About

Bud Weidenthal was a reporter, columnist and assistant City Editor for The Cleveland Press from 1950 to 1981.
He served as Vice President of Cuyahoga Community College until 1989, and editor of the Urban Report from 1990 until 2005.
Bud passed away in 2022.

11.15.2011

Halloween


  The other day we got this very official looking, serious sounding letter signed by the police chief, the mayor and the Superintendent of Schools in  telling us exactly when, how and under what circumstances Halloween would be celebrated this year in our tony top-ranked suburb. A little spooky I thought to myself, having grown up in a Cleveland suburb not far away, but a long time ago. How times have changed, I thought to myself, as I tucked the letter away in a file, just in case. You never know.


  That night my mind drifted back to those wondrous late depression/early war years when we were growing up on Euclid Heights Blvd. in Cleveland Heights. It seemed like everybody, lived on that apartment laden stretch of two blocks from Coventry to Hampshire. There were lots of us, and, for the most part, we all hung together and had glorious times. The ominous specter of war, the desperation of depression, hidden somewhere else for the moment. One of the highlights of the year was planning for Halloween naughtiness.  We called it Halloweening. (No guidance from the police chief in those days.)
We managed to get a pretty good group together for our unauthorized night on the town. Not much for costumes in those days, but we did manage to fill our ample pockets with pebbles we had scooped up from the driveways, and a plentiful supply of wax candles. And we were off. Looking back, this was a potent gang of pre-teens. Mostly now retired, a few no longer with us. A couple of Washington lawyers, a prominent research neurologist, a physicist, and of course the innocent looking little guy who became a daily journalist.
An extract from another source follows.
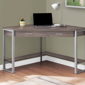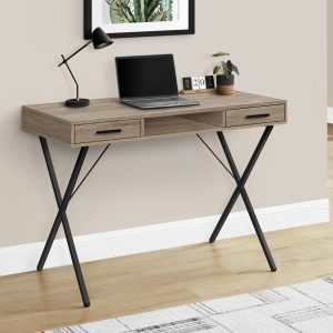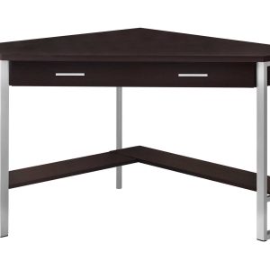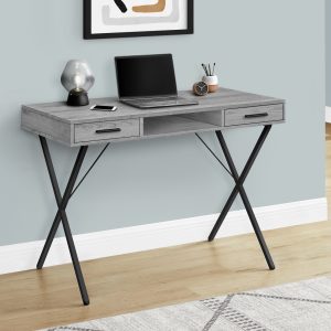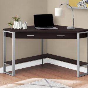 Features a spacious 42”L desktop and a convenient closed storage drawer with a sleek silver handle
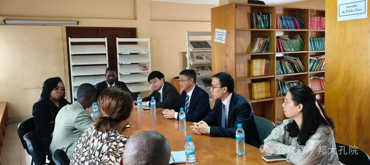 当地时间12月19日,中国驻加蓬大使馆官员、加蓬国民教育部官员与邦戈大学孔子学院代表联合走访曼德拉中学和中加示范小学,就加蓬国民教育阶段开设汉语课程与两校领导进行了正式对接。

  We would head first for Mrs. Breslin’s.  She had the misfortune of living on the first floor of one of buildings near Lancashire, where we often gathered often and were from time to time unruly. She regularly and angrily complained about the noise and threatened us with reprisals.  She had earned her stripes as an obvious holiday target. A few noisy pebbles smacked her windows. We shouted some naughty words.  And there she was at the window, threatening to call the police.

  We exited rapidly to the next block, innocently trick or treating. Scribbling bad words on some windows, kicking over a few garbage cans, we headed up the hill to the “haunted house” the enormous and very scary Briggs estate, now the Mornington Lane condos.  We left our mark there, too. A couple of broken locks, some graffiti.  Maybe a cracked window.  It was frightening and fun.

  Rest assured the next day there were no arrests, no screaming headlines in the PD, or The Press, or The News, and we were back in school with smirks on our faces, none the worse for wear. But I could not resist fast forwarding in my fantasy to the reaction that this kind of this commotion might have been in circa 2005. How might the PD might react to “suburban vandalism” today?

  On local television: Channel 3 is the first “live” to Mrs. Breslin’s door. ”Bad kids, dangerous!” she would say, dressed in a house coat.  Channel 19 is investigating, “How vandals slipped away from police!” Channel 8 calls in a child psychiatrist...and interviews a neighbor who calls the young vandals, “usually pretty good kids..it’s been a good neighborhood.”  CNN anchor Brown looked at what he called “the growing dangers of holidays like Halloween.  How did did it get that way? Terror in our own back yard!” he concludes.

It is obvious that we are stretching a bit to make a point. Sadly times have changed as has the media. Indeed, “Terror in our own back yards” has a gruesome touch of reality to it.  And perhaps the stern letter from the city fathers is logical, even necessary in these troubled times.
But, as I reflect over a lifetime of suburban living in Greater Cleveland, I long for the days when it wasn’t.